For financial reporting purposes, AMD consolidates the operating results of GLOBALFOUNDRIES Inc. in its results as of March 2, 2009 and created the Foundry segment as of the start of the fiscal year. “AMD Product Company” refers to AMD, excluding the operating results of the Foundry segment and Intersegment eliminations. Intersegment eliminations consist of revenues, cost of sales and profits on inventory between AMD Product Company and the Foundry segment. AMD is providing the financial information for AMD Product Company because it believes it is important for investors to have visibility into AMD’s financial results excluding the Foundry segment and Intersegment eliminations and to better understand AMD’s financial results absent the requirement to consolidate the financial results of GLOBALFOUNDRIES.

 

Item 8.01. Other Events.

On November 18, 2009, pursuant to the Indenture dated October 29, 2004, between the Company and Wells Fargo Bank, National Association, as Trustee (the “Indenture”), relating to the 7.75% Senior Notes Due 2012 (the “Notes”), the Company announced that it notified the holders of the Notes that on December 18, 2009 the Company will redeem all outstanding principal amount of the Notes (as of November 18, 2009, $390 million), at a redemption price of 101.938% of the principal amount outstanding plus accrued and unpaid interest, if any, on that principal amount to, but excluding, the redemption date.
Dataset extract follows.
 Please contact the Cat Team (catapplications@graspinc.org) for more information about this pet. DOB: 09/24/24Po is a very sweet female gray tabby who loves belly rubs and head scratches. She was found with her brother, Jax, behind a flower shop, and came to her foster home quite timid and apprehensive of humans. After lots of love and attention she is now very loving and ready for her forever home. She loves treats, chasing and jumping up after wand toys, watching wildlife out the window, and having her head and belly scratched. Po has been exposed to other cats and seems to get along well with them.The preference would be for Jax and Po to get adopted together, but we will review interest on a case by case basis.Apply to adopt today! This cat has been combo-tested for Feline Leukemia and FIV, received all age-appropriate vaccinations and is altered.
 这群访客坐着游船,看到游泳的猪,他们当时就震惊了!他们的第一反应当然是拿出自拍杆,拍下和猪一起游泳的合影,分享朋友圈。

A copy of the press release is attached as Exhibit 99.2 hereto.

On November 18, 2009, the Company announced a proposed private offering of $500 million of senior notes to qualified institutional buyers pursuant to Rule 144A and in offshore transactions pursuant to Regulation S under the Securities Act of 1933, as amended. A copy of the press release is attached as Exhibit 99.3 hereto.

On November 18, 2009, the Company announced the commencement of a cash tender offer for up to $1,000,000,000 in aggregate principal amount of its outstanding 5.75% Convertible Senior Notes due 2012. A copy of the press release is attached as Exhibit 99.4 hereto.
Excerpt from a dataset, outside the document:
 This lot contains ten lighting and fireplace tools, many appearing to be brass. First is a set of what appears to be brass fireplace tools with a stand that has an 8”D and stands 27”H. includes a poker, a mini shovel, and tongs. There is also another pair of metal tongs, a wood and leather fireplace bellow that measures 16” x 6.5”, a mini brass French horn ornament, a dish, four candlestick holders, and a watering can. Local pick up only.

Item 9.01 Financial Statements and Exhibits.

(d) Exhibits.

 

Exhibit

No.

  

Description

99.1

   Press Release dated November 17, 2009.

99.2

   Press Release dated November 18, 2009.

99.3

   Press Release dated November 18, 2009.

99.4

   Press Release dated November 18, 2009.


SIGNATURES

Pursuant to the requirements of the Securities Exchange Act of 1934, as amended, the registrant has duly caused this report to be signed on its behalf by the undersigned hereunto duly authorized.

 

Date: November 18, 2009

    ADVANCED MICRO DEVICES, INC.
      By:  

/S/    PATRICIA K. WELLS        

      Name:   Patricia K. Wells
      Title:  

Corporate Vice President,

Staff Operations, and Corporate Secretary


Exhibit Index.

 

Exhibit

No.

  

Description

99.1

   Press Release dated November 17, 2009.

99.2

   Press Release dated November 18, 2009.

99.3

   Press Release dated November 18, 2009.

99.4

   Press Release dated November 18, 2009.